🤖 AI Summary
This work addresses the rapid degradation of visual fidelity in autoregressive multi-step rollouts of action-conditioned robotic world models, a problem primarily caused by error accumulation. To mitigate this, the authors propose a post-training framework grounded in contrastive reinforcement learning, which optimizes the model using its own generated rollout sequences. The approach introduces a multi-candidate, variable-length future comparison mechanism and a visual fidelity reward that integrates multi-view perceptual metrics. This design significantly enhances both consistency and realism in long-horizon predictions. Evaluated on the DROID dataset, the method achieves state-of-the-art performance in rollout fidelity, reducing LPIPS by 14% and improving SSIM by 9.1%, with human evaluators expressing an 80% preference for its outputs in blind tests.
📝 Abstract
Action-conditioned robot world models generate future video frames of the manipulated scene given a robot action sequence, offering a promising alternative for simulating tasks that are difficult to model with traditional physics engines. However, these models are optimized for short-term prediction and break down when deployed autoregressively: each predicted clip feeds back as context for the next, causing errors to compound and visual quality to rapidly degrade. We address this through the following contributions. First, we introduce a reinforcement learning (RL) post-training scheme that trains the world model on its own autoregressive rollouts rather than on ground-truth histories. We achieve this by adapting a recent contrastive RL objective for diffusion models to our setting and show that its convergence guarantees carry over exactly. Second, we design a training protocol that generates and compares multiple candidate variable-length futures from the same rollout state, reinforcing higher-fidelity predictions over lower-fidelity ones.
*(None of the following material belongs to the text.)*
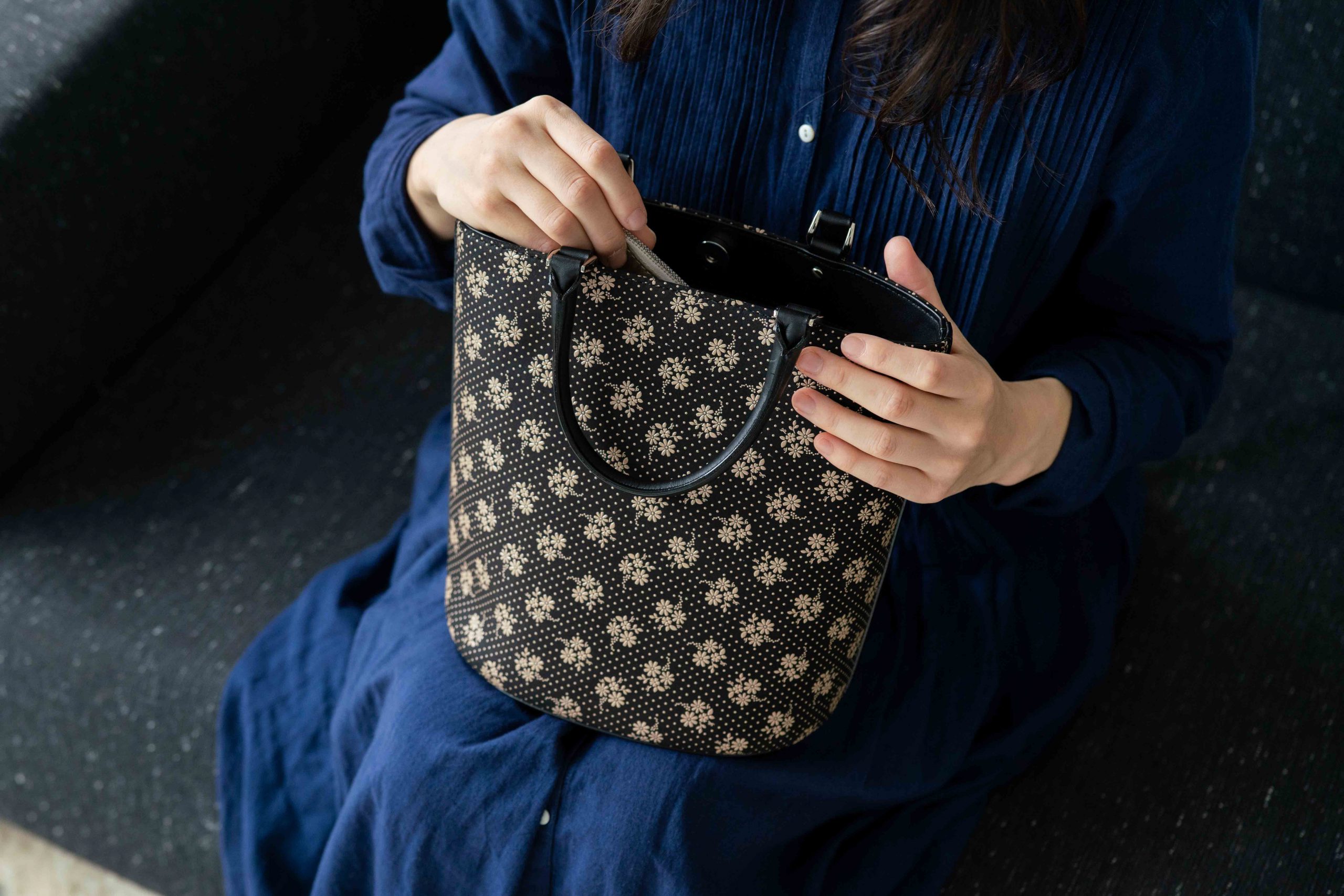 秋桜模様のバッグは、小ぶりなサイズ感ながらマチ付きのため収納力もある優れものです。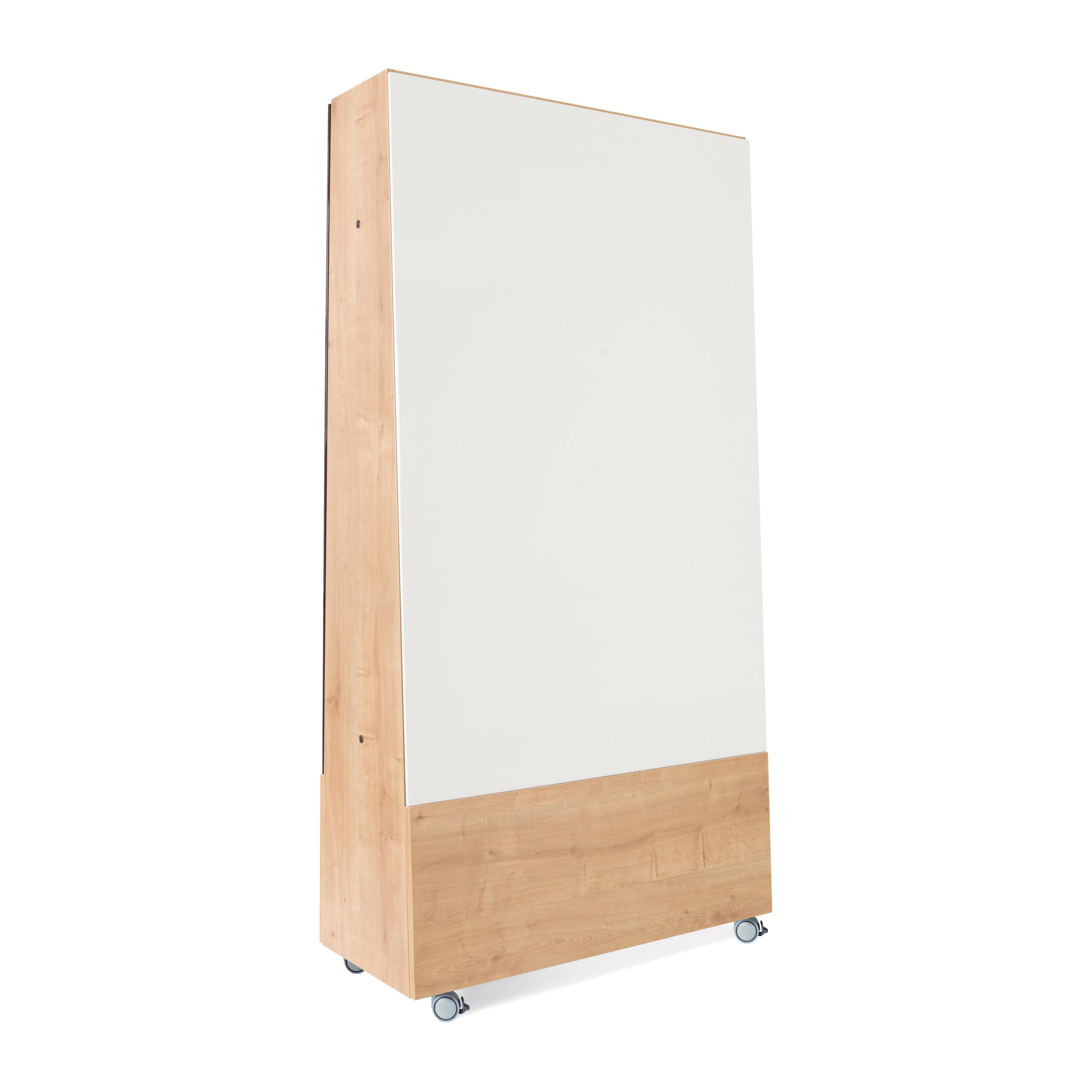 Rocada dobbeltsidet mobil whiteboard 100 x 198 cm., på hjul, med natur detaljer.Dybde 40 cm. med 2 whiteboard tavler.Rocada mobile, dobbeltsidede, magnetiske whiteboard tavle i lakeret stål, med detaljer i melamin med flot træstruktur.Slidstærk whiteboardoverflade på begge sider, 100 x 150 cm., lavet af 0,8 mm. stål der sikrer lang levetid, giver ekstra præsentationsmulighed. Tavlerne monteres nemt, på begge sider, med det medfølgnede, patenterede magnet system.Skriv på begge sider af tavlen med en whiteboard- eller glastavle marker.Aftørres nemt med en tavlesvamp eller klud.Hjul med bremser.Denne mobile whiteboard er fra det spanske kvalitetsmærke Rocadas Natural-serie.NATURAL serien fra Rocada er inspireret af naturen, flot og unikt design, kraftig kvalitet, der giver både pæn og solid støtte til møder og præsentationer.Flot og meget velegent i mødelokaler og på kontorer.

Third, we develop efficient, multi-view visual fidelity rewards that combine complementary perceptual metrics across camera views and are aggregated at the clip level for dense, low-variance training signal. Fourth, we show that our approach establishes a new state-of-the-art for rollout fidelity on the DROID dataset, outperforming the strongest baseline on all metrics (e.g., LPIPS reduced by 14% on external cameras, SSIM improved by 9.1% on the wrist camera), winning 98% of paired comparisons, and achieving an 80% preference rate in a blind human study.